New Middle School Non-fiction Program Teaches Reading and Writing Through Profiles of Contemporary Figures
Designed to meet common core state standards in language arts, On the Record helps students read critically, Write passionately and build resilience
New York, NY — May 2, 2012 — Scholastic (NASDAQ: SCHL), the global children’s publishing, education and media company, today announced the release of a new non-fiction language arts program that uses profiles of contemporary figures – from astrophysicist Neil DeGrasse Tyson to author Sherman Alexie to basketball star Lebron James – to help middle school students learn to read critically, write with passion, and meet the high expectations of the Common Core State Standards. The new program, On the Record, introduces students to complex texts that help them tackle many of the social and emotional issues that adolescents face and to write passionately about their personal experiences, while building higher order critical reading skills necessary for success in college and career.

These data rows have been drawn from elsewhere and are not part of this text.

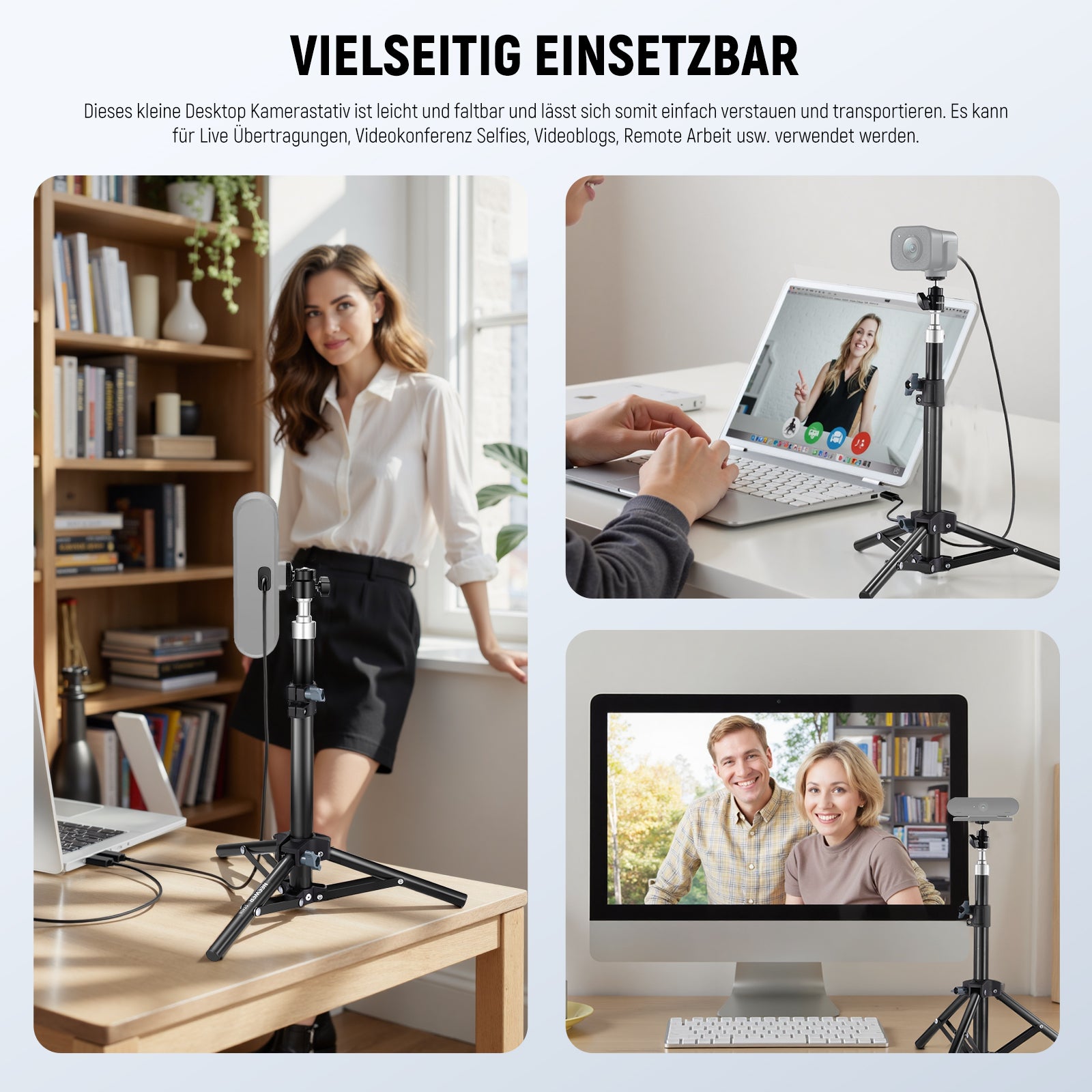 • Kompaktes und tragbares Desktop Stativ- Das leichte und faltbare kleine Tischstativ ST45B für Kameras mit iPhone kompatibler Handyhalterung lässt sich einfach verstauen und auf Reisen mitnehmen. Eine ideale Fotoausrüstung, um Ihr Mobiltelefon oder Ihre Stream Webcam über den Schreibtisch zu halten für Live Streaming, Videokonferenzen, Zoom Anrufe, Selfies, Vlogging, Online Unterricht, Make up Tutorials, Erstellung von Medieninhalten, Remote Arbeit und mehr
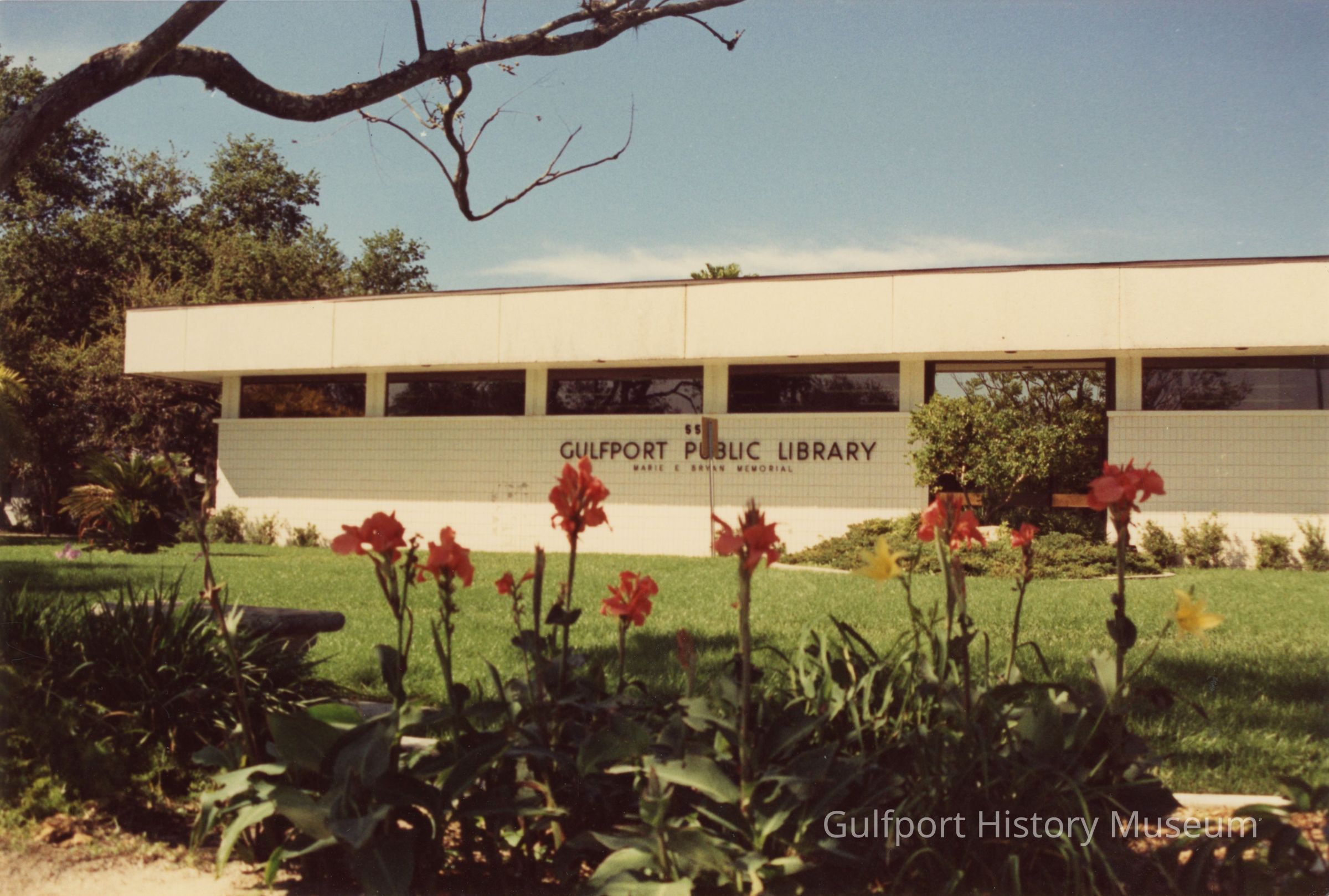 A color photograph of the Gulfport Public Library from 28th Ave S. It is a one story, white building with long windows and reads "GULFPORT PUBLIC LIBRARY MARIE E. BRYAN MEMORIAL." Various landscaping is visible in the foreground.
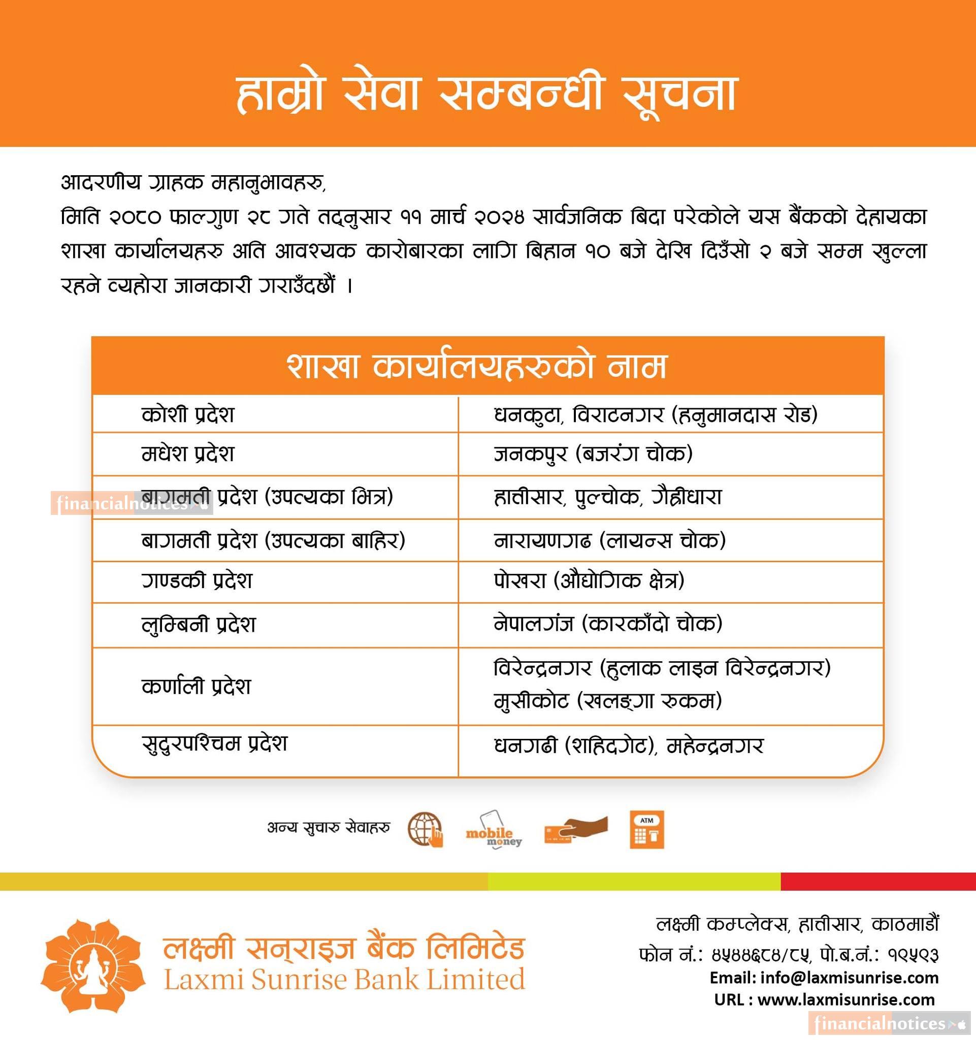 Published by Laxmi Sunrise Bank on 2080-11-27
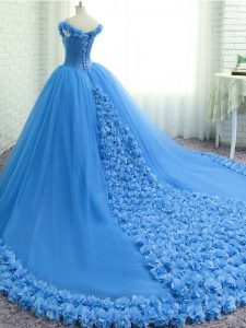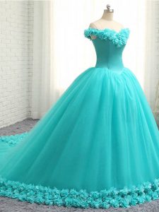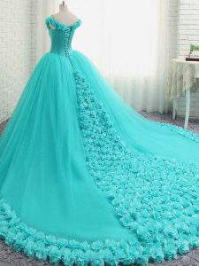 Captivating Aqua Blue Sleeveless Tulle Court Train Lace Up Sweet 16 Quinceanera Dress for Military Ball and Sweet 16 and Quinceanera
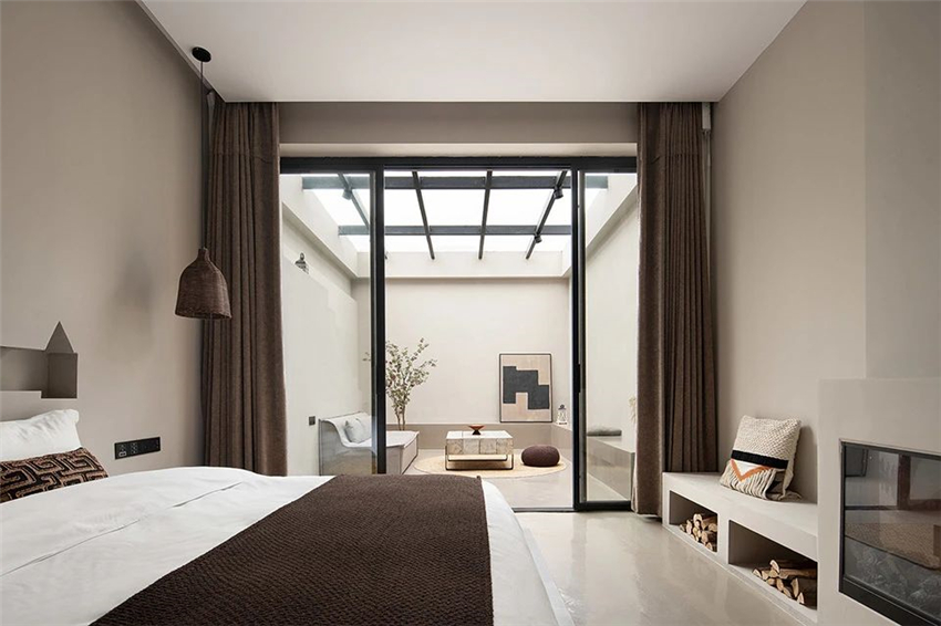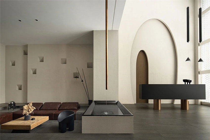 中性的色彩美學(xué)為基調(diào),無彩色與暖調(diào)的咖色相互補(bǔ)充,一抹深色,使空間靜默下來,將溫柔緩緩釋放。柔涓的水流墜落在水面上,蕩起一圈小渦,我們喜歡這種流動(dòng)性,有種輕盈的感覺。
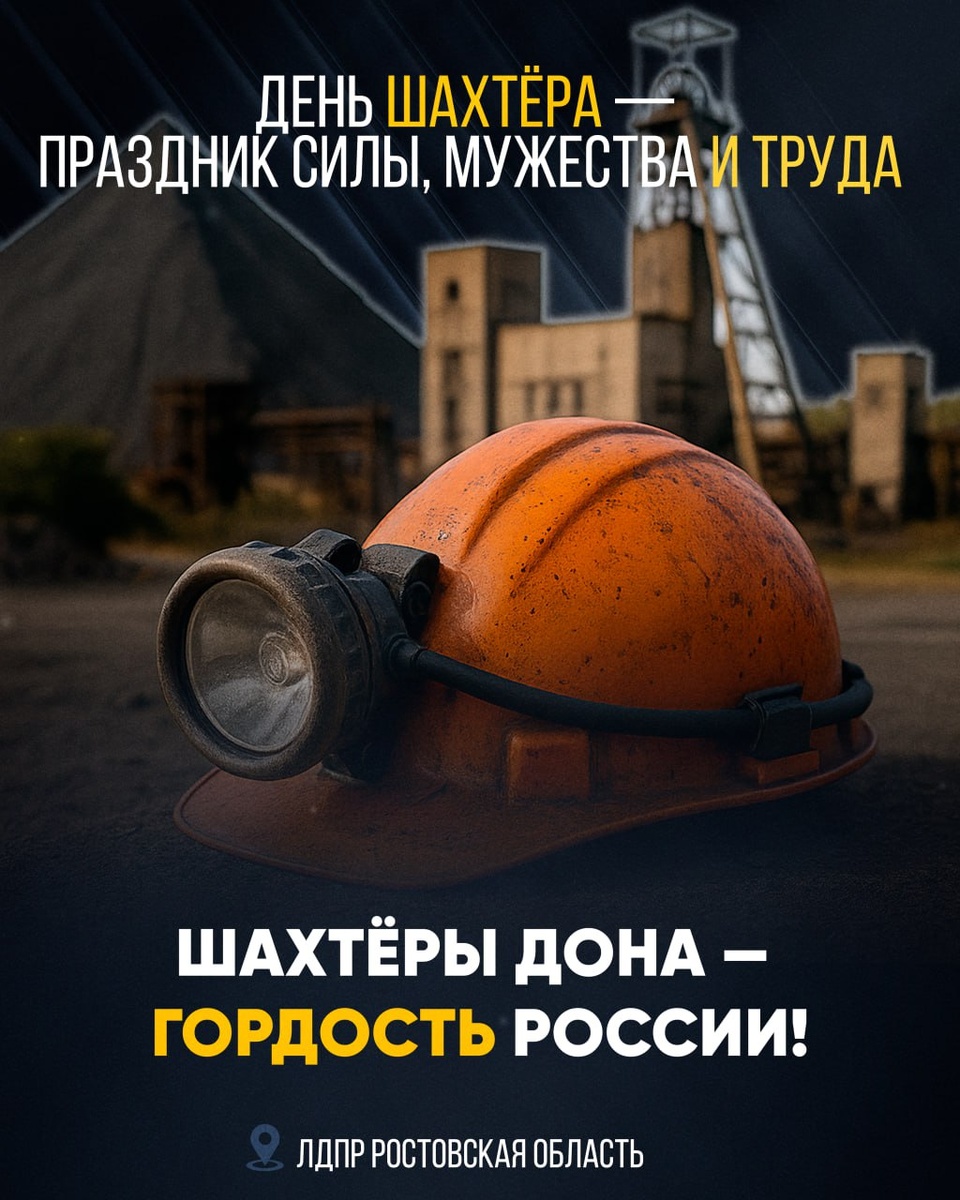 День шахтёра 💠 Сегодня вся страна чествует шахтёров — людей, которые своим самоотверженным трудом обеспечивают энергетическую безопасность России. 💠 Ростовская область — один из регионов, где профессия шахтёра имеет особое значение. Шахты, Новошахтинск, Зверево, Гуково — города, выросшие на угольной отрасли, и тысячи семей здесь связаны с этой профессией. 💠Шахтёрский труд всегда был символом мужества, стойкости и преданности делу. Он требует невероятной силы духа и готовности каждый день спускаться под землю ради будущего своих семей и страны. «Шахтёры Дона — это люди огромной силы и мужества. Они заслужили уважение и признательность за то, что их ежедневный труд становился фундаментом развития нашего региона и всей страны. ЛДПР всегда будет рядом, защищая интересы шахтёрских семей и добиваясь достойных условий для их жизни и работы», — отметил руководитель фракции ЛДПР в Законодательном Собрании Ростовской области Денис Фраш. ✨✨✨ Ростовское региональное отделение ЛДПР поздравл
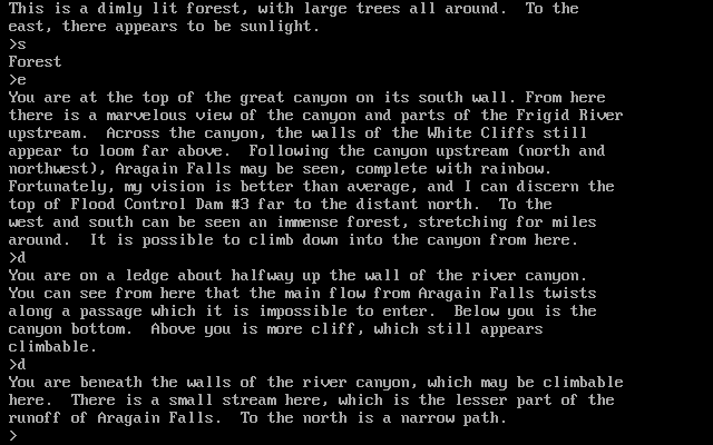 Although liking Zork (I don't know if it's just this blue-screen version), Dungeon has to be the most sloppily-put-together game I've ever seen - the directions make no sense!
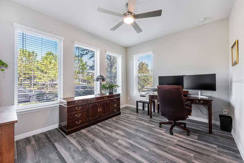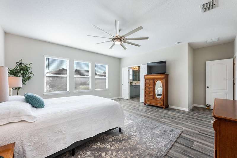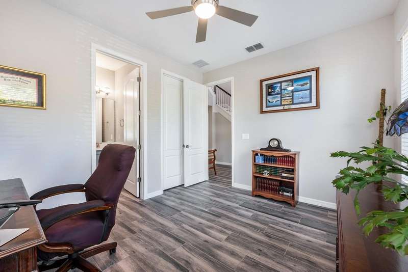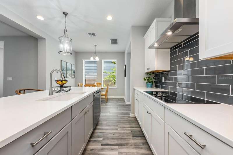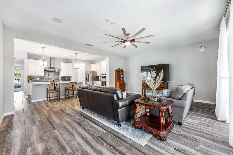 Ask about a lender provided RATE BUY-DOWN CREDIT on this home *** Seller may consider buyer concessions if made in an offer *** Built in 2019, this stylish and low-maintenance residence perfectly blends modern design with everyday comfort in one of Central Florida’s most sought-after communities - welcome to Lake Nona’s Laureate Park! The charming paver FRONT PORCH with a cheerful glass inset red door invites you inside where you will find WOOD LOOK TILE FLOORS flowing throughout the main level and an abundance of windows filling each space with coveted NATURAL LIGHT. The OPEN CONCEPT floor plan connects the living, dining, and kitchen areas – ideal for both relaxing and entertaining. A chef’s dream kitchen awaits with UPGRADED STAINLESS STEEL APPLIANCES, a fresh modern color palette, QUARTZ COUNTERTOPS, an OVERSIZED ISLAND with casual bar seating, contrasting subway tile backsplash, recessed and pendant lighting, and generous pantry storage. The light-filled dining area and spacious living room are both open to the kitchen and TRIPLE SLIDING GLASS DOORS access a large SCREENED LANAI overlooking the manicured, FENCED BACKYARD – perfect for enjoying quiet evenings or weekend gatherings. The MAIN FLOOR BEDROOM with a full en-suite bath offers flexibility for guests, in-laws, or multi-generational living and upstairs the beautiful PRIMARY SUITE continues the wood-look tile floors and boasts a modern fan, three bright windows, and double doors leading to a luxurious private bath with a dual-sink vanity, seamless glass shower, and a huge WALK-IN CLOSET. Additional highlights include a 2-car rear-entry garage with built-in storage racks and alley access, immaculate landscaping, and a – brand-new wood fence in progress – that enhances privacy. Residents will enjoy RESORT STYLE AMENITIES right within Laureate Park – COMMUNITY POOLS, fitness center, tennis courts, playgrounds, dog park, soccer complex, community garden, high-speed internet and more – all while being just minutes from the Laureate Park restaurant and business district, Lake Nona Adventure Park, and TOP-RATED LAKE NONA SCHOOLS. Medical City, including Nemours Children’s Hospital, UCF Lake Nona Medical Center, and the Orlando VA Hospital, are moments away. Quick access to SR 417, 528, and the Orlando International Airport ensures effortless connectivity to Downtown Orlando and the area’s world-famous attractions. Experience modern, connected living in the vibrant heart of Lake Nona – schedule your tour today and let us say WELCOME HOME!

On the Record brings together the research and experience of two esteemed authors and academic advisors:
- Erin Gruwell: The inspiration for the 2007 film Freedom Writers, Ms. Gruwell is an educator best known for taking a chance on a classroom full of kids in Long Beach, CA, who had been raised in a world of poverty and street violence and seemed destined for failure. She threw her old curriculum out the window and built a new one around the stories of people whose struggles her kids could relate to, including Anne Frank and Zlata Filipovic (dubbed the "Anne Frank of Sarajevo"). Her students eventually turned journal entries into the bestselling book The Freedom Writer's Diary. Through her Freedom Writers Foundation, and now through On the Record, Gruwell helps educators replicate the successes she had as a teacher in classrooms across the country.
- Dr. Alfred Tatum: A professor at the University of Illinois, Chicago, Dr. Tatum is an expert in using text to inspire disengaged students. He speaks frequently about the need for texts that are provocative and relevant, stories that speak to the essential questions of students’ lives. And his research points to the importance of kids writing about their lives, not just to develop skills, but as a process of self-discovery and a means of empowerment. Dr. Tatum developed four learning platforms – Define Self, Become Resilient, Engage Others and Build Capacity – that anchor the On the Record instructional model and provide context for students to chart their own development as readers, writers and individuals.
At the core of the On the Record program are 12 books containing 24 paired stories about contemporary figures: athletes and activists, adventures and writers, prisoners and politicians. Some of the people are famous, others quietly brilliant. Each of them is on a quest of some kind – to survive disasters, to stake out a place in the world, or to find a voice and tell a story. In the pages of these books, students will be inspired to read, to write, and to shape their own quests for meaningful lives by hearing about the struggles and accomplishments of others before them. Through the instructional path, students will learn to put their own voices "on the record."
"What Erin Gruwell and Alfred Tatum have taught us is that the stories of inspiring people can go a long way toward empowering even the most disengaged students to become critical readers and writers and to take charge of their learning," said Greg Worrell, President of the Scholastic Classroom and Community Group. "On the Record not only supports students, but also helps educators implement rigorous reading, deep writing, and critical thought, all of which are at the heart of the Common Core State Standards. Through these stories of struggle and perseverance, students can recognize their own strengths as they use reading and writing to put their voices on the record."
On the Record allows students to engage in multiple learning experiences by being a part of a social network—with whole class and small group work—and also allows for self-reflection and self-expression. The program offers extensive practice in close reading of complex text, extended writing, and building higher-order thinking, all essential skills for college and career readiness.
On the Record includes:
- Class sets of 12 contemporary Paired Profiles that foster higher-order thinking and critical thought, essential elements of the Common Core State Standards. Profiles and primary source documents take each theme deeper while also extending student learning along the complex text continuum.
- Stretch Texts provide opportunity for students to further their study with more challenging texts that are rigorous, complex, and authentic.
- Extended research, media, writing activities and projects all cultivate higher-order thinking and learning beyond the text.
- The flexible implementation model can be used with core textbooks or as part of individualized ELA curriculum.